There are numerous treatment options that suit the various problems that can be found. Here we mention the most important and most common treatments.
4.1 Hormone treatment
If a hormone abnormality has been detected in the woman, she can be treated with hormones to regulate the cycle and induce ovulation. This treatment is called ovulation induction. If the woman does not ovulate, the first choice is usually clomiphene, which is taken in tablet form. The doctor then follows the ultrasound cycle to view the effect of the treatment. Men are rarely treated with hormones. Of hormone treatment in men is not certain whether the treatment has resulted. The endocrinologist is the specialist in the field of hormones, which will be switched on if the problem with the hormones turns out to be more complicated. In most cases, the treatment will be done by a fertility doctor or gynecologist. Hormones can be administered in tablet form, injections or via a hormone pump
The abbreviation KI stands for Artificial Insemination. In this term we mainly think of self-insemination (with or without donor seed) with the aid of a syringe without a needle. At KI, the sperm is injected high into the sheath.
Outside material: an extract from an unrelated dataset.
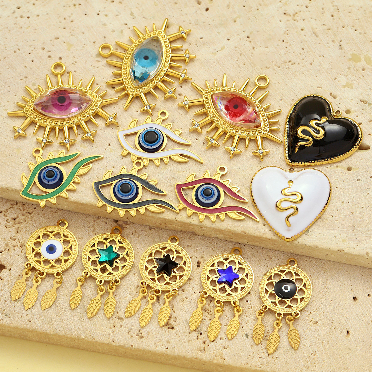 Be the first to review “Fashion Stainless Steel Enamel Heart Snake Diy Charm Women Dream Catcher Star Necklace Pendant Star Evil Eye Jewelry” Cancel reply
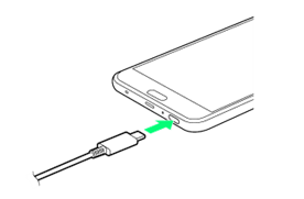 - お使いになるACアダプタの取扱説明書を参照してください。ここでは、ACアダプタ(USB Type-C Quick Charge 3.0対応)[ZSCAZY](Y!mobile Selection USB Type-C急速充電ACアダプタ[Y1-AC17-TCQC])を使用して充電する方法を例に説明します。

The insemination treatment that is performed in the hospital is called Intra Uterine Insemination (abbreviated to IUI). Intra Uterien means ‘in the womb’. At IUI, the seed is first pre-processed in the laboratory – also called reprocessed. This is necessary because the sperm cells normally undergo a biochemical change in the cervical mucus (capacitation). This biochemical change is necessary for the seed to fertilize the egg cell. In addition, the most mobile sperm cells are also directly separated from the rest. IUI is often the first treatment that a gynecologist proposes. Usually when there is reduced fertility of the man and with ‘hostile’ cervical mucus (the mucus on the inside of the cervix). IUI can be performed on the woman with or without hormone stimulation. This depends on various factors. The disadvantage of hormone stimulation is that several eggs can mature simultaneously with a greater chance of multiple births. It is therefore important that hormone stimulation is well controlled in order to prevent the formation of very many egg vibes. This may result in overstimulation, which not only leads to the risk of a (large) multiple pregnancies, but also to extra medical care and should, therefore, be avoided.